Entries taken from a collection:
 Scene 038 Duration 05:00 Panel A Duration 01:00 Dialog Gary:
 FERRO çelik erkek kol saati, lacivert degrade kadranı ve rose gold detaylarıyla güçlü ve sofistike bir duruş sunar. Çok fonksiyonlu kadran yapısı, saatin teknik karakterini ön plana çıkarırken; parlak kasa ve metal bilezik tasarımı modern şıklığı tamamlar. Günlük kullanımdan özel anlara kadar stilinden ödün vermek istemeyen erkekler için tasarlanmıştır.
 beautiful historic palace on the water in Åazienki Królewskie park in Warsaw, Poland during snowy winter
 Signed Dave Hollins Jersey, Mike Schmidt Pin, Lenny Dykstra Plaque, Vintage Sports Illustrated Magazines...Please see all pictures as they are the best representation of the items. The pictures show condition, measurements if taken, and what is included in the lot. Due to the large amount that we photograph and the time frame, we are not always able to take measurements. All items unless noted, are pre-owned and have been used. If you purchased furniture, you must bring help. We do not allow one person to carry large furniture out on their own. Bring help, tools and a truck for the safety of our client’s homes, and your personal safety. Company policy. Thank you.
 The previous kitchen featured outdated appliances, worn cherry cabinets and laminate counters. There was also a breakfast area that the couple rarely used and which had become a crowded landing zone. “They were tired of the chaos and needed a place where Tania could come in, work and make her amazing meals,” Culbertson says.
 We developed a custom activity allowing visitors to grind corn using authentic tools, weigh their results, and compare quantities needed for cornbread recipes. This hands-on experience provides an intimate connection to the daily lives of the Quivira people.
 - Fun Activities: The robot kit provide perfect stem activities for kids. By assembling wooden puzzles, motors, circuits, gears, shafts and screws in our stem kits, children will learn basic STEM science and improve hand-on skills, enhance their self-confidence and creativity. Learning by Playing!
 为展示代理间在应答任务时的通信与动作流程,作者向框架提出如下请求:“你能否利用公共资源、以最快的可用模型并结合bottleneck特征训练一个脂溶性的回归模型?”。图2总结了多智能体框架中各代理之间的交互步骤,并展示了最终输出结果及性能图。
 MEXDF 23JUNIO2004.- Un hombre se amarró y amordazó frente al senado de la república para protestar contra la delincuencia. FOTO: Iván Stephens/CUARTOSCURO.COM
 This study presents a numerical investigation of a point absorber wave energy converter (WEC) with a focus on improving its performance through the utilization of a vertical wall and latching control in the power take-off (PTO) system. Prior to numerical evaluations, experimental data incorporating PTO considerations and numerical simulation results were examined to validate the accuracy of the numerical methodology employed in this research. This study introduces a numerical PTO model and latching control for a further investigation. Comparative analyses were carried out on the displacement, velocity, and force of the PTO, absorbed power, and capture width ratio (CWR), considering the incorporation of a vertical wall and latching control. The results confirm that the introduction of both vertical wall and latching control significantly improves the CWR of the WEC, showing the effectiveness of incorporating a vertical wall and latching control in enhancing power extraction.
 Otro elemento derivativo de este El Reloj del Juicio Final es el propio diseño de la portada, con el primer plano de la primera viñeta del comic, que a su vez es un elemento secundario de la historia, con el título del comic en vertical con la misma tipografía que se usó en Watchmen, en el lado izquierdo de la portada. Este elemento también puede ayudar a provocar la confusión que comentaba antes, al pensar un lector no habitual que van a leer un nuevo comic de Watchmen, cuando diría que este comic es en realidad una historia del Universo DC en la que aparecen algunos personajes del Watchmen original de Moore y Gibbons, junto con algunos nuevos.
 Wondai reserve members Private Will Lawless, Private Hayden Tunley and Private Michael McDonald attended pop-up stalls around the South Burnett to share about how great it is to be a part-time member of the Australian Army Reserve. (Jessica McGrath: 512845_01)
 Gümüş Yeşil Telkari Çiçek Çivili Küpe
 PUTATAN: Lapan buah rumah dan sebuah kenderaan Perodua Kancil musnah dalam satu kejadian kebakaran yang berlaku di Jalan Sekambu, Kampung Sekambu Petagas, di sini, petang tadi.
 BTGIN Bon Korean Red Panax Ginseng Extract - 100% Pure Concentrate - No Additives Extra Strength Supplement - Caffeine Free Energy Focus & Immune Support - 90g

Task — What is wanted is every line from the first line of the entries through the line that contains "FERRO çelik erkek", given again exactly.

Solution for this problem —
 Scene 038 Duration 05:00 Panel A Duration 01:00 Dialog Gary:
 FERRO çelik erkek kol saati, lacivert degrade kadranı ve rose gold detaylarıyla güçlü ve sofistike bir duruş sunar. Çok fonksiyonlu kadran yapısı, saatin teknik karakterini ön plana çıkarırken; parlak kasa ve metal bilezik tasarımı modern şıklığı tamamlar. Günlük kullanımdan özel anlara kadar stilinden ödün vermek istemeyen erkekler için tasarlanmıştır.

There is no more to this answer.